Created attachment 155114 [details] maxcpus-ignore-offline-cpus.patch
----- Additional Comments From dvhltc.com 2007-05-21 12:43 EDT ------- Ignore bogus acpi info Thomas Gleixner provided the attached patch. When I first booted with this patch I received the following in a loop: irq 9: nobody cared (try booting with the "irqpoll" option) Call Trace: [<ffffffff8106d5a4>] dump_trace+0xaa/0x32a [<ffffffff8106d865>] show_trace+0x41/0x5c [<ffffffff8106d895>] dump_stack+0x15/0x17 [<ffffffff810c50b8>] __report_bad_irq+0x38/0x87 [<ffffffff810c52cb>] note_interrupt+0x1c4/0x1fc [<ffffffff810c458d>] thread_simple_irq+0x6c/0x7e [<ffffffff810c4dc3>] do_irqd+0x14a/0x3e4 [<ffffffff81033d3a>] kthread+0xf5/0x128 [<ffffffff8105ff68>] child_rip+0xa/0x12 handlers: [<ffffffff8117736e>] (acpi_irq+0x0/0x1b) I then tried to boot with acpi=noirq and I got all the way to a login prompt.
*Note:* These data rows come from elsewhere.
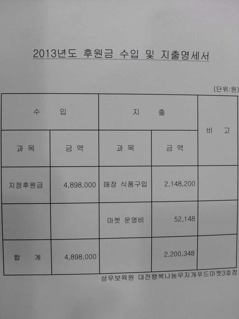 성우보육원 행복나눔무지개푸드마켓3호점 2013년도 후원금 수입 및 지출명세서 작성일 19-03-28 10:58 페이지 정보 작성자성우보육원 조회 4,998회 댓글 0건 본문 성우보육원 행복나눔무지개푸드마켓3호점 2013년도 후원금 수입 및 지출명세서 댓글목록 댓글목록 등록된 댓글이 없습니다.
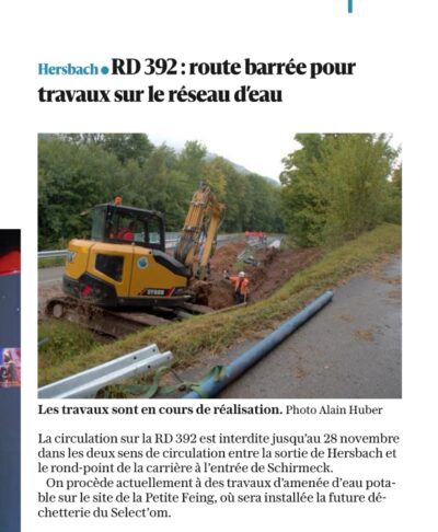 Un point sur les travaux de voirie dans la rue de la Gosse à Hersbach qui vont bon train ! L’entrée de la rue de la Gosse a déjà vu arriver son enrobé. Le lundi Lire la suite…
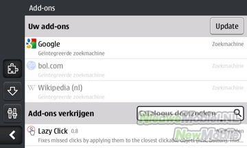 Uit de instellingen blijkt dat de browser ook add-ons gaat ondersteunen. Op dit moment zijn er nog niet heel veel beschikbaar, maar eentje die we jullie niet willen onthouden is een add-on die je klik corrigeert. Als je bijvoorbeeld een URL niet goed aanklikt, zorgt deze add-on ervoor dat de URL toch opent. Eigenlijk zou zo’n add on niet nodig moeten zijn, maar bij een onnauwkeurig scherm kan het toch een uitkomst bieden.
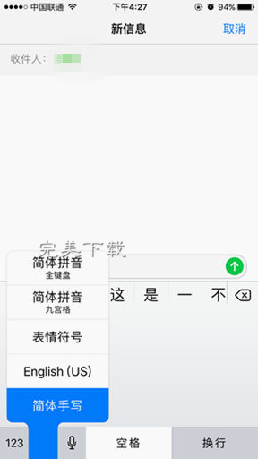 五、設(shè)置完成后,我們就可以去試試iPhone 7的手寫輸入法功能(下載輸入法工具,訪問http://www.survivalescaperooms.com/heji/pinyinshurufa/)。
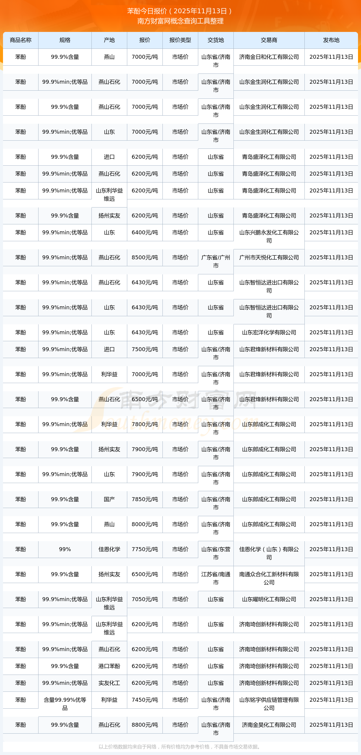 2025年11月13日,山東金生潤化工有限公司苯酚(99.9%含量),燕山石化,交易地點(diǎn)為山東省/濟(jì)南市,報價為7000.00元/噸。
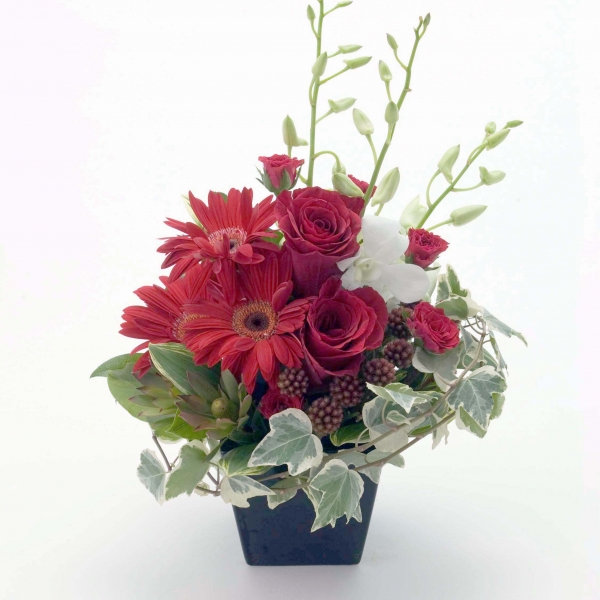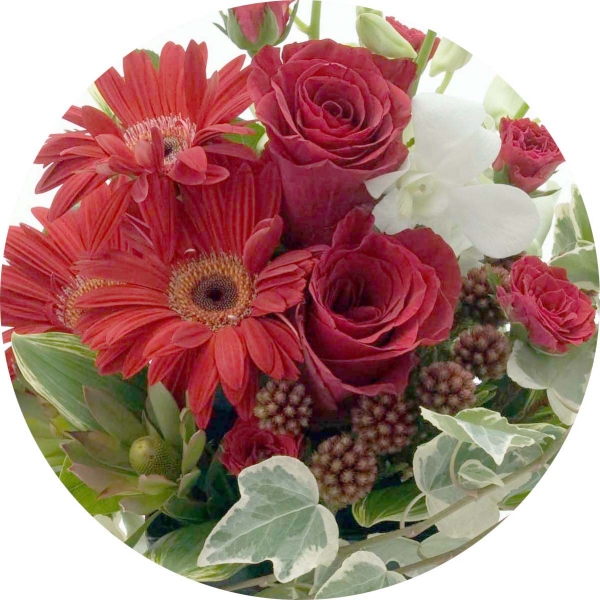 赤いガーベラや薔薇を中心にして葉物と実物をアソートした
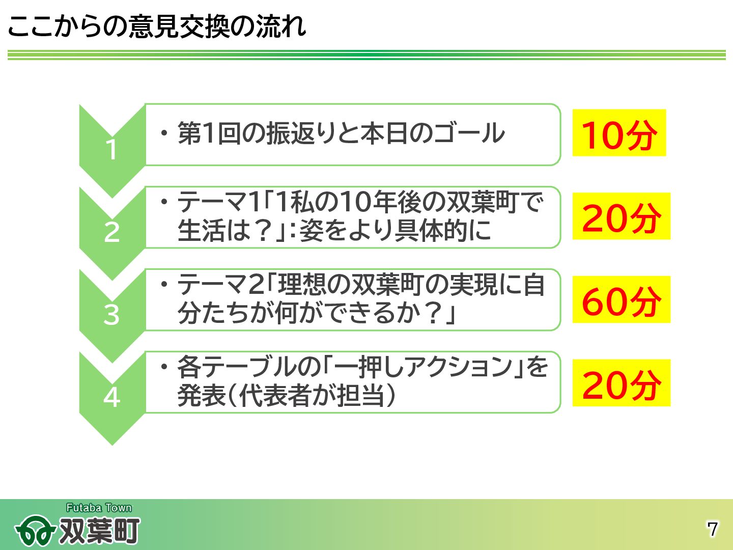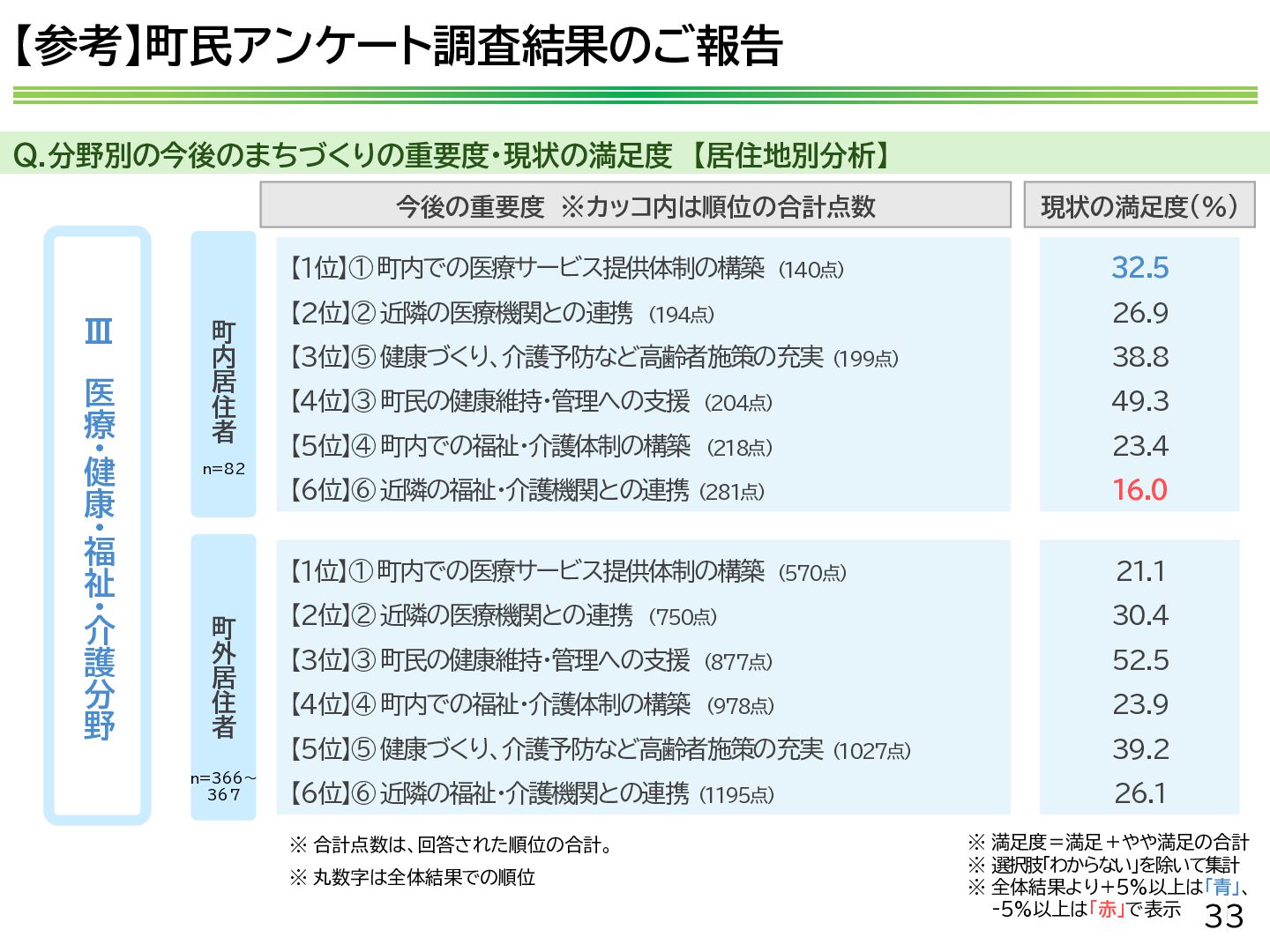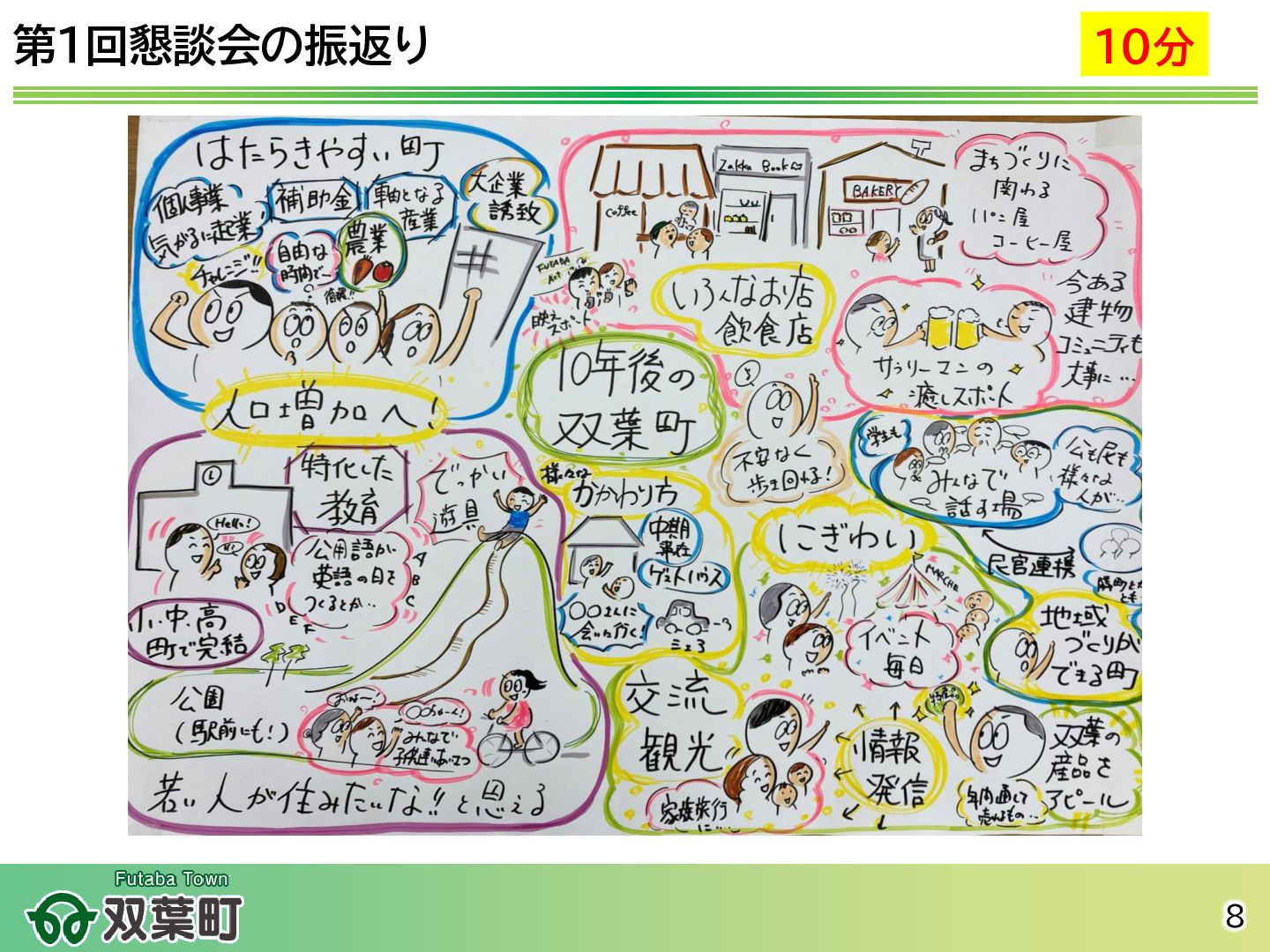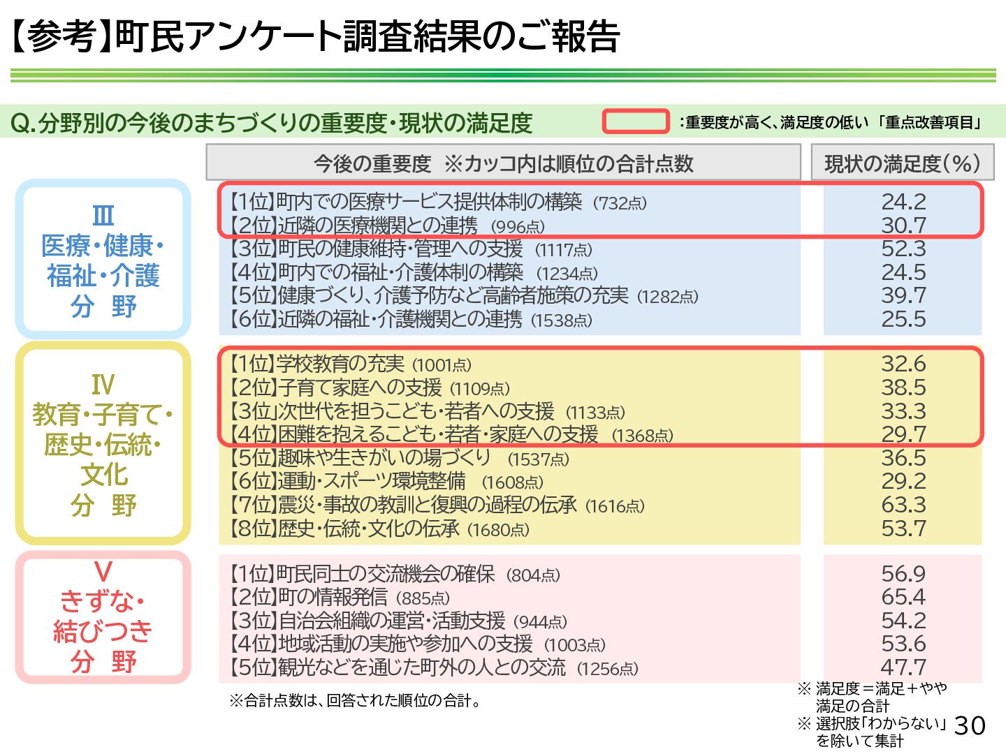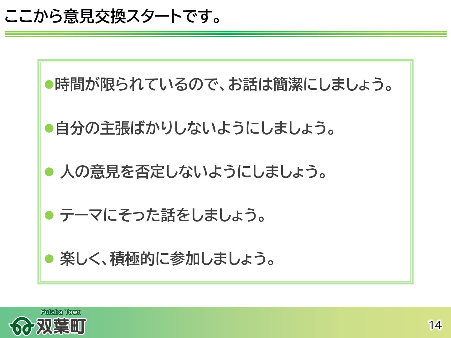 50~59歳, 20.0% 60~64歳, 10.2% 65~69歳, 13.4% 70~74歳, 10.2% 75歳以上, 9.4% 52.6 22.5 25.6 2.9 8.3 20.0 0% 20% 40% 60% 配偶者・パートナー 親(配偶者の親等を含む) こども ひとり暮らし その他の親族・家族 孫 双葉町内, 25.8% 福島県内(双葉 町以外), 52.4% 福島県外, 21.8% 生まれ故郷 だから, 62.2% 仕事のため (就職、転勤、 転職), 10.7% 結婚のため, 16.1% 親やこどもと同居・ 近居するため, 4.3% その他, 6.7% 住んでいた, 89.7% 住んでいない, 10.3% 双葉町内, 18.2% 福島県内(双 葉町以外), 54.8% 福島県外, 27.1% 男性, 58.1% 女性, 38.4% その他, 3.5% 性 別 年 齢 居住地 震災前に双葉町に住んでいたか 住むようになったきっかけ 勤務地 同居する家族 【参考】町民アンケート調査結果のご報告
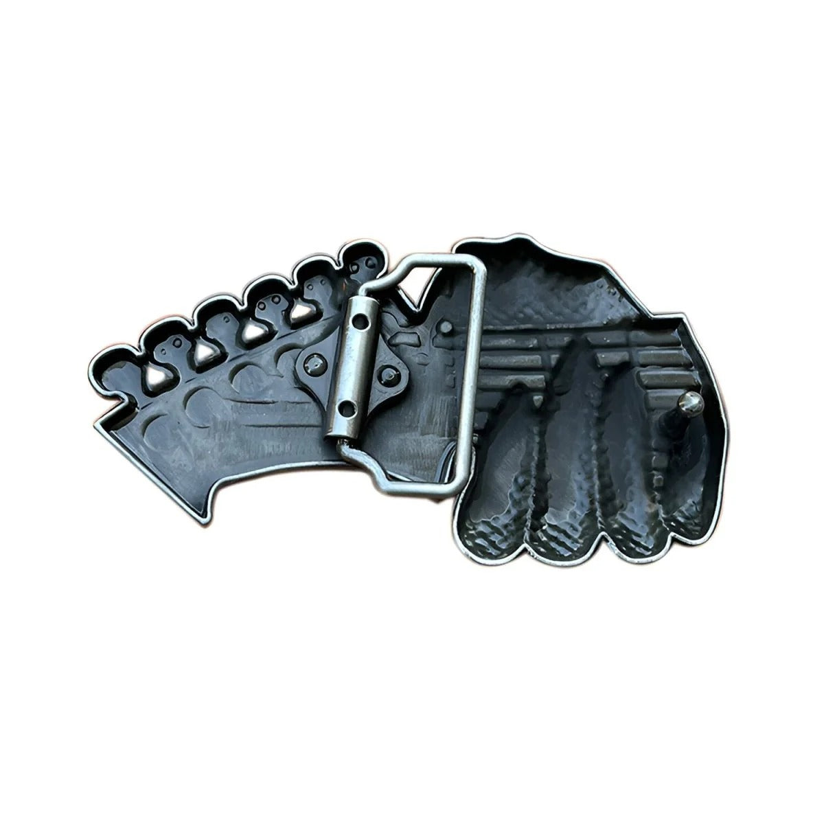 À tous les amateurs et les fans de rock'n'roll, cette boucle de ceinture arbore une tête de guitare ainsi qu'une main ornée d'écailles en train d'effectuer un solo.
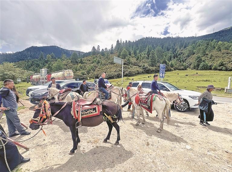 林芝市魯朗景區(qū)內(nèi),游客在體驗當?shù)靥厣T馬項目。 記者 白瑪澤旺 攝
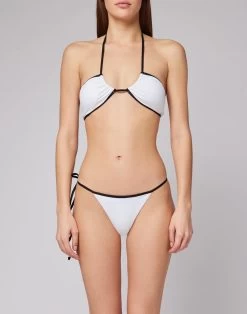 Scopri questo elegante top a fascia regolabile con i laccetti centrali da annodare al collo. Perfetto per valorizzare spalle e collo e per giocare con più stili diversi. Da abbinare allo slip in coordinato, venduto separatamente.
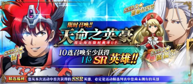 精选福利:你从本次活动中首次抽取到的SSR英雄,必定是活动精选列表中你尚未拥有的SSR英雄。

As we have seen this "nobody cared" and child_rip dump issues before - I think these are independent issues that should be tracked in their own bugs.
----- Additional Comments From dvhltc.com 2007-05-21 12:58 EDT ------- Ingo has included tglx's patch in 2.6.21-rt5
changed: What |Removed |Added ---------------------------------------------------------------------------- Status|ASSIGNED |FIXEDAWAITINGTEST Resolution| |FIX_ALREADY_AVAIL ------- Additional Comments From jstultz.com (prefers email at johnstul.com) 2007-05-24 13:04 EDT ------- Verified fixed in 2.6.21-14.el5rt.